Officials Debate Construction Safety Even As a Worker Plunges to His Death

May 7th, 2008

By Yifei K. Tan

The City Council and the Department of Building (DOB) officials discussed at City Hall yesterday 12 bills proposed to address construction site safety in the wake of many recent fatal accidents.

Even as they spoke and unknown to them, a construction worker was plunging to his death from a scaffold on the Triborough Bridge in Queens. The victim was not immediately identified.

At the hearing, Council Speaker Christine C. Quinn said the recent accidents “serve as painful reminders of how dangerous it is to work in this industry,” and she, with other officials wanted to make job sites safer for the workers and the neighbors.

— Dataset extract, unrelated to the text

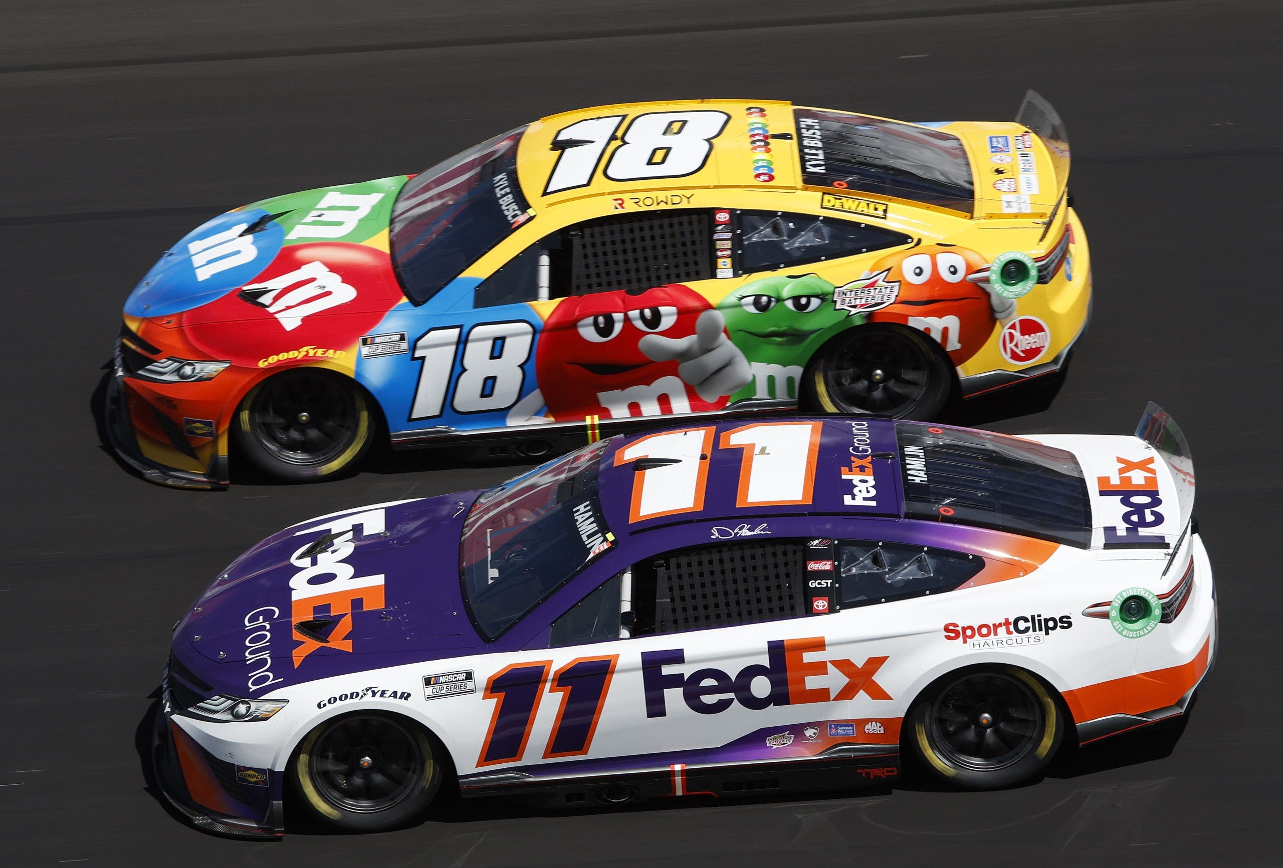 El día fue más feliz cuando Busch (No. 18) y Hamlin (No. 11) corrieron como compañeros de equipo.

“As far as my staff and I are concerned, construction safety must always be the Department’s highest priority,” DOB’s new Acting Commissioner Robert LiMandri said.

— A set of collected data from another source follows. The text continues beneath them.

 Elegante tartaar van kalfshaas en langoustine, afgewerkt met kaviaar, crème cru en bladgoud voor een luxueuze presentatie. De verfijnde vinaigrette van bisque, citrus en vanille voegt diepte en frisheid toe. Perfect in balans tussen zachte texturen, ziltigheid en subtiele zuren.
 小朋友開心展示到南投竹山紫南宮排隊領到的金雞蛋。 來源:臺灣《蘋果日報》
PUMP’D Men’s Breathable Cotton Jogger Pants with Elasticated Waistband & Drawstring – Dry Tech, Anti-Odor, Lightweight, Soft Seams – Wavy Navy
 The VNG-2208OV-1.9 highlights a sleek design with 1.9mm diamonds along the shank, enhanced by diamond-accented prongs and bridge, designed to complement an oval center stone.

Among other measures, Housing and Buildings Committee members urged the department to deny permits to developers who have repeatedly violated the city’s building codes and zoning laws and to make it unlawful for an individual to use any supported scaffold without a user certificate.

The bills also introduced ideas of providing training and introductions on interpretations and applications of the zoning resolution, building codes, electrical codes and other laws to all inspectors.

In addition, the Department professionals who participate in the professional certification program should carry professional liability insurance.

Some officials proposed a bill encouraging appointment of an accountable independent monitor to sites with more than three hazardous or major violations within any six-month period and the monitor will stay at the site until the Department is satisfied that there is no need for the monitor to be there any longer or until the construction activities are concluded. Creations of hotlines for employees to report any unsafe conditions at the site, as well as the creation of multilingual signs and manuals of languages spoken most often at the site for workers were also proposed.

Representatives of local real estate groups and construction unions suggested even stronger measures, such as replacing the DOB with a public corporation that would act more decisively than the lumbering and embattled city bureaucracy.

“The Buildings Department is collapsing under the weight of its own reform,” said Louis J. Coletti, a spokesman for the real estate industry.

LiMandri opposed creating a hotline. He said that the operators for 311 were trained to quickly route construction violations to DOB specialists.

Manhattan Borough President Scott M. Stringer testified that 13 lives have been lost as the result of construction accidents here and in 2007, injuries on construction sites occurred at the rate of almost one per day.

“To fix this problem, government agencies beyond DOB, labor leaders, developers, local residents, and Washington, D.C., must all be part of the solution,” he said.